Steve Pearlstein, in a very nice column today, argues that Germany is going through something similar: They've run a mercantilist policy to keep their export industry strong and they've pushed an economic integration that lashed other countries onto policies that made some sense for Germany but no sense for, say, Greece. And now disaster has struck, and they're telling themselves a story about upstanding, fiscally responsible Germany and all the profligate ne'er-do-wells they're having to bail out. The truth, Steve says, is more complicated.
What Germans won't accept is that they wouldn't have been able to sell all those beautifully designed cars and well-engineered machine tools if Greeks and Spaniards and Americans hadn't been willing to buy those goods and German banks hadn't been so willing to lend them the money to do so. Nor will they accept that German industry was able to thrive over the past decade because of a common currency and a common monetary policy that, over time, rendered industry in some neighboring countries uncompetitive while generating huge real estate bubbles in others.

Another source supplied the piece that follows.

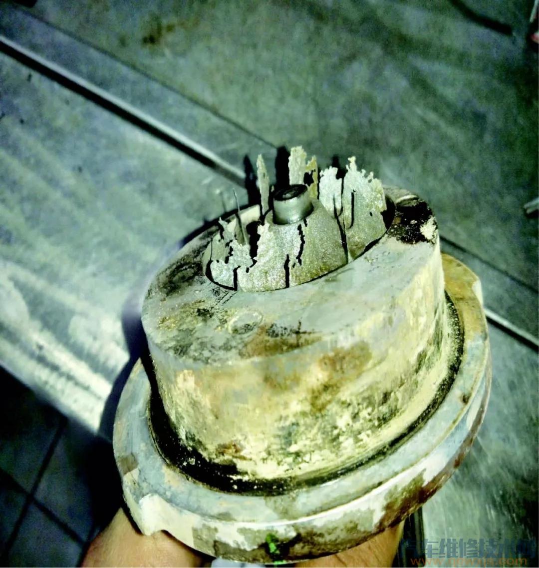 如果汽缸墊上有水氣道的話,汽缸做功的燃氣會源源不斷地進入冷卻水道,將會導致發動機持續高溫和冷卻液的大量缺失,而故障車并沒有持續高溫也不缺失冷卻液。看來故障車冷卻液污染最大的可能是由于發動機缸體水道和水泵葉輪,將冷卻液放出來檢查發現冷卻液表面漂浮像鐵銹一樣的物質,懷疑是機體水道腐蝕或者水泵腐蝕后的銹蝕物,拆卸冷卻水管接口透過安裝軸承孔對缸體進行檢查,沒有發現銹蝕現象。

The danger of Germans misunderstanding the causes of the current crisis is that it leads them, and the rest of Europe, to the wrong solutions.
While European governments surely have long-term structural budget problems, the immediate fiscal challenge comes from the decline in tax revenues and the increase in transfer payments that result from slow growth and high unemployment. The right policy response to that -- along with the very real threat of price deflation in Europe -- isn't to put the entire continent in a fiscal straitjacket that makes the recession even worse. The immediate need is for the European Central Bank to deliver additional monetary stimulus in the form of lower interest rates and direct purchases of government bonds. The reality is that the price of avoiding a dangerous deflationary spiral in Greece and Spain is allowing inflation in Germany to rise to 3 or 4 percent.
Like America before it, Germany has to help people who may not deserve it in order to prevent the suffering of many more people who really don't deserve it. That's a crummy position to be in, but it's also not entirely somebody else's fault.